Escribano Ferrer Blanca, Hansen Kristian Schultz, Gyapong Margaret, Bruce Jane, Narh Bana Solomon A, Narh Clement T, Allotey Naa-Korkor, Glover Roland, Azantilow Naa-Charity, Bart-Plange Constance, Sagoe-Moses Isabella, Webster Jayne
Disease Control Department, London School of Hygiene and Tropical Medicine, London, UK.
Dodowa Health Research Center, Ghana Health Service, Dodowa, Ghana.
Malar J. 2017 Jul 5;16(1):277. doi: 10.1186/s12936-017-1906-9.
Ghana has developed two main community-based strategies that aim to increase access to quality treatment for malaria, diarrhoea and suspected pneumonia: the integrated community case management (iCCM) and the community-based health planning and services (CHPS). The aim of the study was to assess the cost-effectiveness of these strategies under programme conditions.
A cost-effectiveness analysis was conducted. Appropriate diagnosis and treatment given was the effectiveness measure used. Appropriate diagnosis and treatment data was obtained from a household survey conducted 2 and 8 years after implementation of iCCM in the Volta and Northern Regions of Ghana, respectively. The study population was carers of children under-5 years who had fever, diarrhoea and/or cough in the last 2 weeks prior to the interview. Costs data was obtained mainly from the National Malaria Control Programme (NMCP), the Ministry of Health, CHPS compounds and from a household survey.

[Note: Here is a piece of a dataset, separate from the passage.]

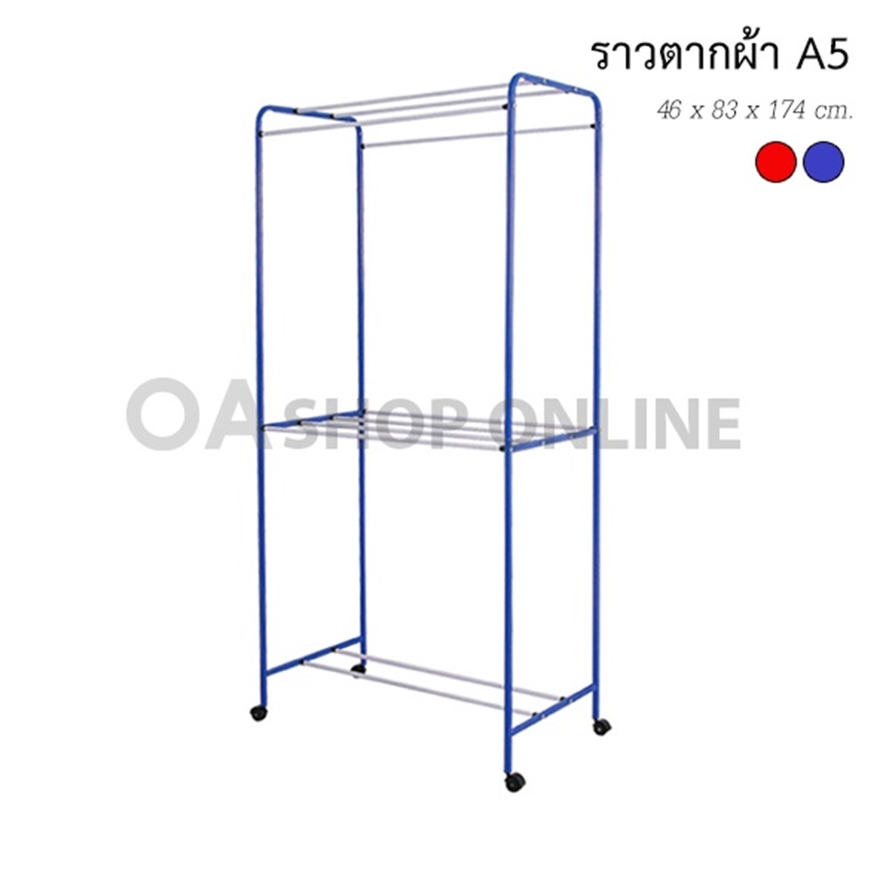 ราวตากผ้าเหล็ก No.A5 ผลิตจากแป็ปเฟอร์นเจอร์ พ่นสีฝุ่นอิพ๊อคซี่ อบด้วยความร้อนที่อุณหภูมิ 200 องศา เคลือบป้องกันสนิมด้วยระบบซิงก์ฟอสเฟตปลายขามีลูกล้อพลาสติก ขนาด : 46 x 83 x 174 cm. สี : แดง และน้ำเงิน
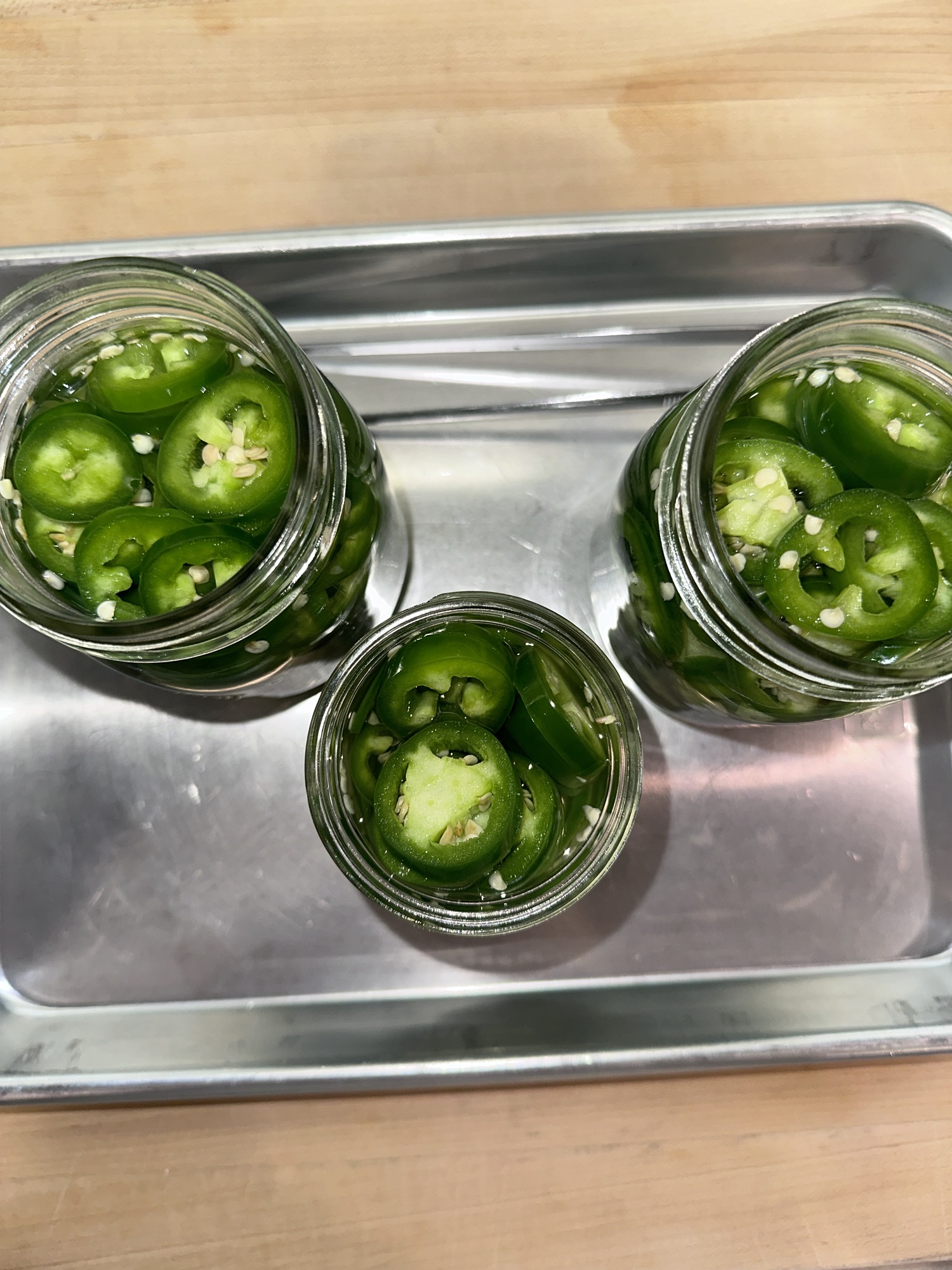 - Pour the hot mixture into the jars over the jalapenos. Let cool completely.

Appropriate diagnosis and treatment of malaria, diarrhoea and suspected pneumonia was more cost-effective under the iCCM than under CHPS in the Volta Region, even after adjusting for different discount rates, facility costs and iCCM and CHPS utilization, but not when iCCM appropriate treatment was reduced by 50%. Due to low numbers of carers visiting a CBA in the Northern Region it was not possible to conduct a cost-effectiveness analysis in this region. However, the cost analysis showed that iCCM in the Northern Region had higher cost per malaria, diarrhoea and suspected pneumonia case diagnosed and treated when compared to the Volta Region and to the CHPS strategy in the Northern Region.
Integrated community case management was more cost-effective than CHPS for the treatment of malaria, diarrhoea and suspected pneumonia when utilized by carers of children under-5 years in the Volta Region. A revision of the iCCM strategy in the Northern Region is needed to improve its cost-effectiveness. Long-term financing strategies should be explored including potential inclusion in the National Health Insurance Scheme (NHIS) benefit package. An acceptability study of including iCCM in the NHIS should be conducted.
加纳制定了两项主要的社区策略,旨在增加获得疟疾、腹泻和疑似肺炎优质治疗的机会:综合社区病例管理(iCCM)和基于社区的卫生规划与服务(CHPS)。本研究的目的是评估这些策略在项目实施条件下的成本效益。
进行了成本效益分析。采用的有效性指标是给予适当的诊断和治疗。适当的诊断和治疗数据分别来自加纳沃尔特和北部地区实施iCCM后2年和8年进行的家庭调查。研究人群为在访谈前两周内有发热、腹泻和/或咳嗽症状的5岁以下儿童的照料者。成本数据主要来自国家疟疾控制项目(NMCP)、卫生部、CHPS机构以及一项家庭调查。
在沃尔特地区,即使在调整了不同的贴现率、机构成本以及iCCM和CHPS的利用率之后,iCCM模式下对疟疾、腹泻和疑似肺炎进行适当的诊断和治疗比CHPS更具成本效益,但当iCCM的适当治疗减少50%时则不然。由于北部地区前往社区卫生行动(CBA)的照料者数量较少,因此无法在该地区进行成本效益分析。然而,成本分析表明,与沃尔特地区以及北部地区的CHPS策略相比,北部地区的iCCM模式在诊断和治疗每例疟疾、腹泻和疑似肺炎病例时成本更高。
对于沃尔特地区5岁以下儿童的照料者而言,综合社区病例管理在治疗疟疾、腹泻和疑似肺炎方面比CHPS更具成本效益。需要对北部地区的iCCM策略进行修订,以提高其成本效益。应探索长期融资策略,包括可能纳入国家健康保险计划(NHIS)福利套餐。应开展关于将iCCM纳入NHIS的可接受性研究。